Last year, RISC was able to provide families hosting returnees with mental illnesses $20 to cover medicine and transportation and food for medical visits, but this year they have no money left for it, says Kao Sarith.

Fundraising is an uphill battle, since most donors are hesitant to give to an organisation that works almost exclusively with individuals who have criminal pasts.

“When funders hear that returnees got deported because of criminal backgrounds, they don’t want to work with them,” he says.

Sam Bath, the recent RISC arrival still waiting for an ID to be issued, became “deportable” after being convicted for pulling out what he says was an unloaded gun during an altercation with a neighbour. He served six-and-a-half months in prison, and then, on the same day he was released, he was picked up by immigration agents without being told what was happening and taken to a detention centre in another state. He was deported five months later.

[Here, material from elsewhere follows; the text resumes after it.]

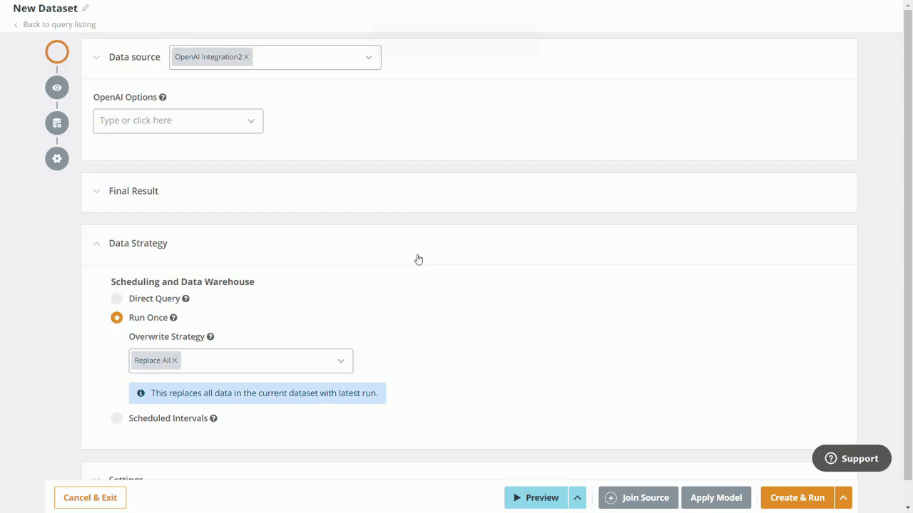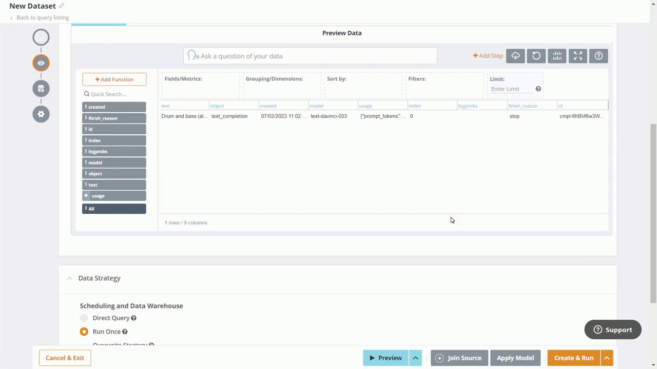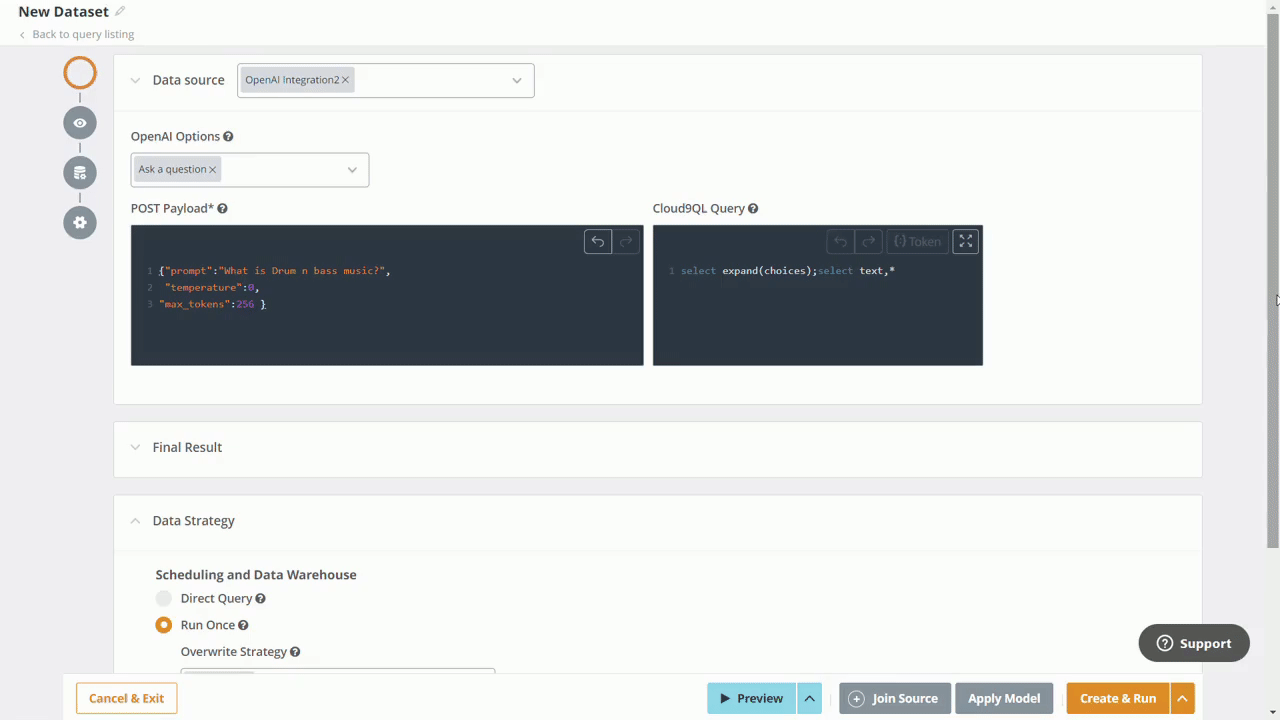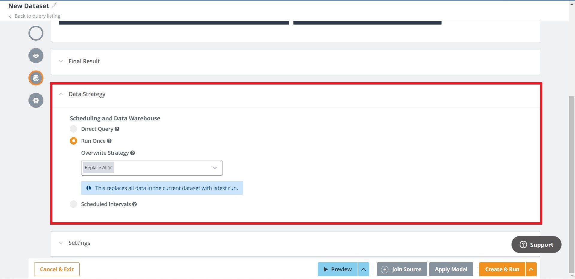 The result of your Query is called Dataset. After reviewing the results, name your dataset and then hit the Create & Run button.

He is hopeful that he’ll be able to start a new life in Cambodia, but without any support, he is unsure of how to make that happen. Sam Bath says he is thinking of teaching English, and is hoping to take the same English certification classes Mout Iv was able to sign up for a few months ago, but these, too, are in danger of being cut.

Lamenting the lack of attention given to returnees by both governments, Sam Bath compares the situation to that of a plant that doesn’t get watered.

“You can’t take [a plant] from over there and put it here,” he explains. “When there’s no one to take care of it, it’s gonna die.”